Of note, in the three-parameter logistic model study for China [5] the authors tested for heteroskedasticity in the data, and examined residuals, two methods which were not part of this paper. Also, unlike a different study discussing use of the logistic model study for cases in China [3], this paper did not examine applicability to other countries.
In the first scenario, the estimated b1 coefficient, the peak of the natural log of U.S. COVID-19 cases, is calculated at 14.5026. This gives an estimate of 1,987,921 peak cases, when eb1 is calculated. When the same model was run with the observed case data as the dependent variable the peak cases predicted were 3,414,134, which is a closer estimate to the present number of U.S. COVID-19 cases as noted in the Introduction. The best utility therefore of the suggested three-parameter logistic model in the first scenario, using the natural log of cases as the dependent variable, would be to estimate the inflection point coefficient b3 since it showed minimal variability. This is when the growth of the natural log of cases would start to decelerate and is effectively the same point of deceleration for the exponential growth of the actual observed case data.

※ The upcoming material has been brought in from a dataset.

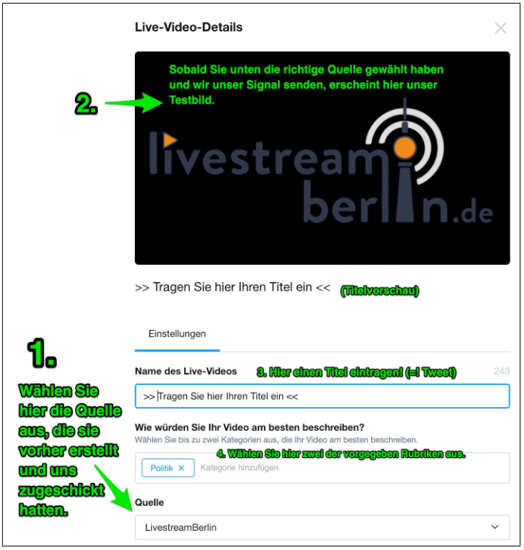 10.) Geben Sie noch einen Titel für den Livestream an und wählen Sie in welche Kategorie der Livestream gehört, z.B. “Politik” oder “Sport” etc.

The first-derivative models have few limitations, chiefly because they are useful in tracking changes in actual rates, whether in cases, or in mortality, as discussed in the second and third scenarios. Therefore, the peaks of first-derivative models will correlate to the inflection point of their base three-parameter logistic model, the point when rate deceleration begins. Their utility in estimating “zero rate,” however, is limited by the same parameters concerning peak cases in logistic models.